Tal paura ho di ritrovarmi solo!

He endeavours to maintain in her presence that self-constraint she had enjoined. He assumes a cold and calm deportment, and Laura, as she passes him, whispers in a tone of gentle reproach, "Petrarch! are you so soon weary of loving me?" (ten or eleven years of adoration were, in truth, nothing—to signify!) At length, he resolved to leave Laura and Avignon for ever; and instead of plunging into solitude, to seek the wiser resource of travel and society. He announced this intention to Laura, and bade her a long farewell; either through surprise, or grief, or the fear of losing her glorious captive, she turned exceedingly pale, a cloud overspread her beautiful countenance, and she fixed her eyes on the ground.

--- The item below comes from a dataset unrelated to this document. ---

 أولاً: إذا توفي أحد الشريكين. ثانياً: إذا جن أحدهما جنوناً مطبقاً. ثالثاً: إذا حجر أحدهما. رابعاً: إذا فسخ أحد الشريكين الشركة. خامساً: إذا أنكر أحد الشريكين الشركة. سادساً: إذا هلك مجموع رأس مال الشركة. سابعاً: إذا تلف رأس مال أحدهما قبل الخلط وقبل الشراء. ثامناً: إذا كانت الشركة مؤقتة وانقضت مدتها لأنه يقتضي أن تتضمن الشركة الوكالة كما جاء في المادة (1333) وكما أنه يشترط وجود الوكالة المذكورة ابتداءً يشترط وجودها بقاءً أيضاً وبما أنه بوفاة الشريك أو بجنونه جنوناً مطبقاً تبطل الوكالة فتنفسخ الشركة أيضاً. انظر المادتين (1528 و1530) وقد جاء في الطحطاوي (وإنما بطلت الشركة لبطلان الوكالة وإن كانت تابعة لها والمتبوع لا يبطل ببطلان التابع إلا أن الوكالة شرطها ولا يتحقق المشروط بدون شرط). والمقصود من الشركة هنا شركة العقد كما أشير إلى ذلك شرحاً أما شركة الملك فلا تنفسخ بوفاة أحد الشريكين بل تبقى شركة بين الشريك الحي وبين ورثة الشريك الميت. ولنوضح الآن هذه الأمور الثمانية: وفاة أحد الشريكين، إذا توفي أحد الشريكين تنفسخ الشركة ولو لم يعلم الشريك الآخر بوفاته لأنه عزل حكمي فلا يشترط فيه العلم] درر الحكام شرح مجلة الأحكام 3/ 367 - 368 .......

This was to her lover an intoxicating moment; in the exultation of sudden delight, he interpreted these symptoms of relenting, this "vago impallidir," too favourably to himself. "She bent those gentle eyes upon the earth, which in their sweet silence said,—to me at least they seemed to say,—'who takes my faithful friend so far from me?'"

Chinava a terra il bel guardo gentile,
E tacendo dicea, com' a me parve—
"Chi m'allontana il mio fedele amico?"

On his return to Avignon, a few months afterwards, Laura received him with evident pleasure; but he is not, therefore, more avançé; all this was probably the refined coquetterie of a woman of calm passions; but not heartless, not really indifferent to the devotion she inspired, nor ungrateful for it.

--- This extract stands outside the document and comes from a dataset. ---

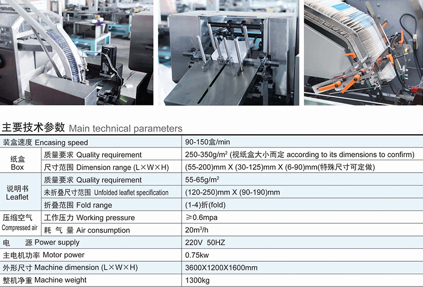 本產品是我公司結合國外裝盒機的先進技術及根據國內制藥行業的實際情況而研發的擁有新型、具有先進的多功能中速自動裝盒機,是目前最適合實際生產能力的新型設備,是機、電、氣光一體化的高科技產品。本產品適用于鋁塑藥板、瓶、口服液、鋁/塑管、面膜、及各類電子、日用品等以及相類似物品的裝盒包裝,具有自動完成使用說明書的折疊、紙盒自動打開、物品裝盒、打印批號,封盒等功能。該機可以單獨使用亦可以與其他設備聯動使用,形成聯動生產線。

Petrarch has himself left us a most minute and interesting description of the whole course of Laura's conduct towards him, which by a beautiful figure of poetry he has placed in her own mouth. The passage occurs in the Trionfo di Morte, beginning, "La notte che segui l'orribil caso."

The apparition of Laura descending on the morning dew, bright as the opening dawn, and crowned with Oriental gems,

Di gemme orientali incoronata,

appears before her lover, and addresses him with compassionate tenderness. After a short dialogue, full of poetic beauty and noble thoughts,[34] Petrarch conjures her, in the name of heaven and of truth, to tell him whether the pity she sometimes expressed for him was allied to love? for that the sweetness she mingled with her disdain and reserve—the soft looks with which she tempered her anger, had left him for long years in doubt of her real sentiments, still doating, still suspecting, still hoping without end:

Creovvi amor pensier mai nella testa,
D' aver pietà del mio lungo martire
Non lasciando vostr' alta impresa onestà?